I don't deny it. It's just that this is nothing particularly new, even for JK Rowling, and nor is it a freedom confined to fantasy books. I don't read much realist fiction because I figure the world's dreary enough as it is. Although I do read a lot of non-fiction and reportage - so clearly I'm conflicted and contradictory. And I read a lot of history and nowadays a great deal of (preferably good) historical fiction for kids.
Over the past month or so, I've read a few of Catherine Jinks' Pagan books, all about a young Jerusalem street kid who gets caught up in the Crusades and their aftermath. Her latest is Pagan's Daughter, who is stuck in the middle of the European Crusades against French heretics - not all Crusades, of course, being based in the Holy Land.
There are myriad concepts in these books, almost an antidote to all the great children's Crusade adventures of the past, where the Infidels (always partly clad and swarthily untrustworthy) were little more than slavering hordes, and Richard the Lion Heart rode up on his charger at the critical moment (I always loved that bit).
Those moral conceits were more anachronistic, in a sense, than Jinks' street slang. On the other hand, the recent movie Kingdom of Heaven failed to achieve credibility, with a protagonist who was 1990s wishy-washy liberal and a plot that bore no relation to the real historical characters on which it was based, nor their actions and documented beliefs.
I recently re-read Ronald Welch's Knight Crusader, which I remembered clearly from my childhood, and which is perhaps a midway point between that tradition of great heroic Crusader novels and our contemporary story-telling.
But moral-heavy Victorian interpretations still weigh on our image of the Crusades, and create a potency around them almost unmatched by other historical events.
It's the tradition that led to George Bush seeing modern parallels, although he's stopped using the word "crusade" about his own efforts. Perhaps Condoleeza Rice managed to get through the idea that he had the wrong end of the stick: that the Christians failed, and took hundreds of years to realise it (not a good precedent, after all); and that Holy War, martyrdom, and excessive slaughter have often been associated with Christian wars.

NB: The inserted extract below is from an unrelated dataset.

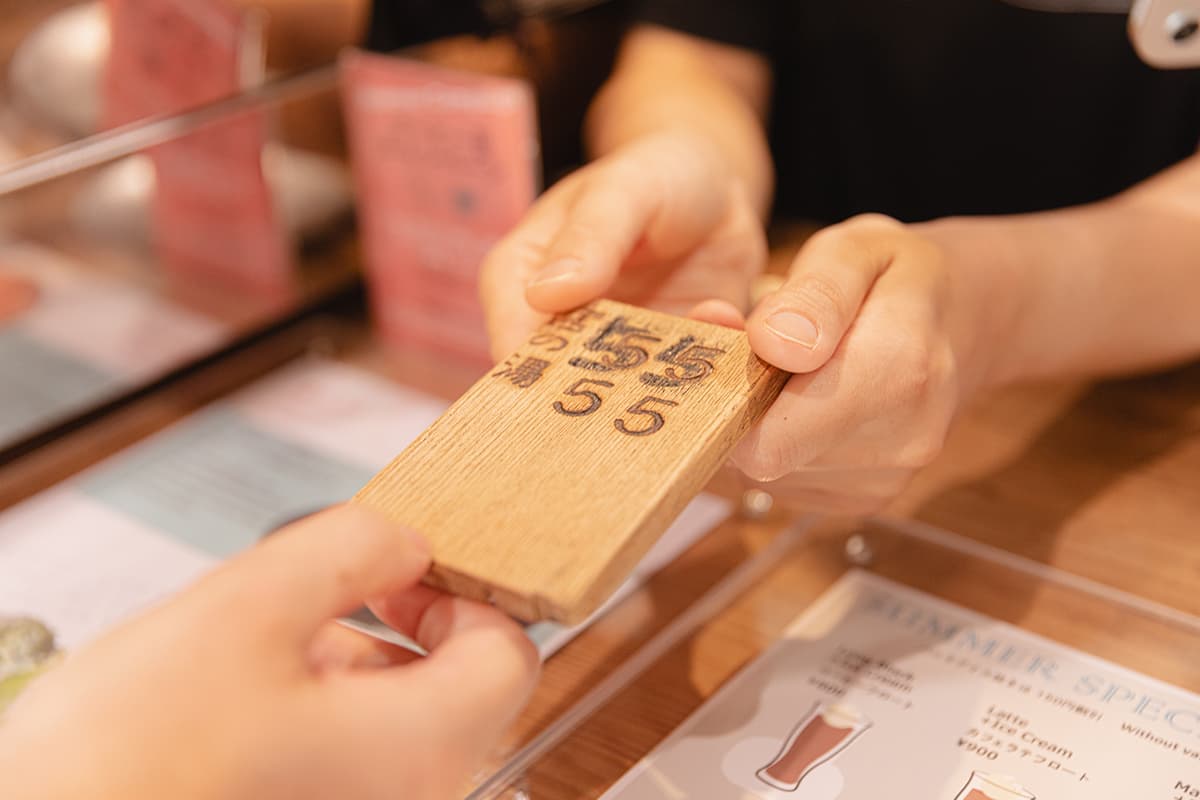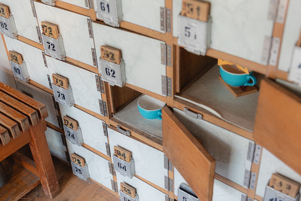 カウンターにて飲み物をオーダーすると引き換え札として手渡されるのは、下駄箱の鍵。建物そのものの歴史だけでなく、こうした細かな部分にまで銭湯の記憶を大切に継承しているのが、このカフェの魅力の一つです。
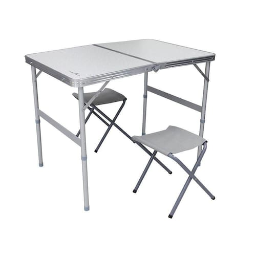 Esta mesa é um modelo leve e prática para seu camping. A Mesa Domo da Nautika vem em formato de uma prática maleta que, ao abrir, se transforma numa mesa dobrável pronta para ser usada.Sua estrutura é feita de alumínio, que garante a leveza do produto, e o tampo em MDF aluminizado. Já os bancos, sãatilde,o revestidos com tecido oxford. Fácil de instalar e montar, a Mesa Domo é prática desde seu transporte até o uso e desmontagem.Cores: ÚNICADimensões (cm): 63cm (C) x 7,5cm (L) x 47cm (A) (fechada) - 90cm (C) x 60cm (L) x 70cm (A) (aberta) - 28,5cm x 26cm x 39cm (bancos) Material: Estrutura de alumínio, tampa de MDF aluminizado e tecido oxford nos bancosPeso: 5,1 kgPeso Máximo Suportado (kg): Mesa 30kg (distribuído por igual) / Banco 85kg (cada)

But Jinks is not using history (nor is Rowling, for that matter, using fantasy) to whack readers over the head with a current message about violence, or religious intolerance, or war. Those ideas are timeless and will often be part of good writing about the Crusades; or historical fiction set in any war; or indeed fantasy. Someone clever, like Jinks or Rowling, or Jackie French in Hitler's Daughter, can present more facets of these ideas, and pose questions without sermonising.
Pure evil and pure good exist - or do they? Where do temptation, and fury, and fear, and weakness fit?
Into the fictional human stories that are woven from history - the conflicts and messages aren't trumpeted, and the stories are above all compelling adventures. That's what matters, what engages, what creates drama.
In his action-packed A Very Short Introduction to the Crusades, Christopher Tyerman (Oxford, 2004) mounts a sensible and determined argument that bears repeating:
There can be no summoning of the past to take sides in the present. Plundering history to deliver modern indictments serves no rational or benign purpose. To observe the past through the lens of the present invites delusion; so too does ignoring the existence of that lens. However, the burden of understanding lies on us to appreciate the world of the past, not on the past to provide ours with facile precedents or good stories, although of the latter the Crusades supply plenty.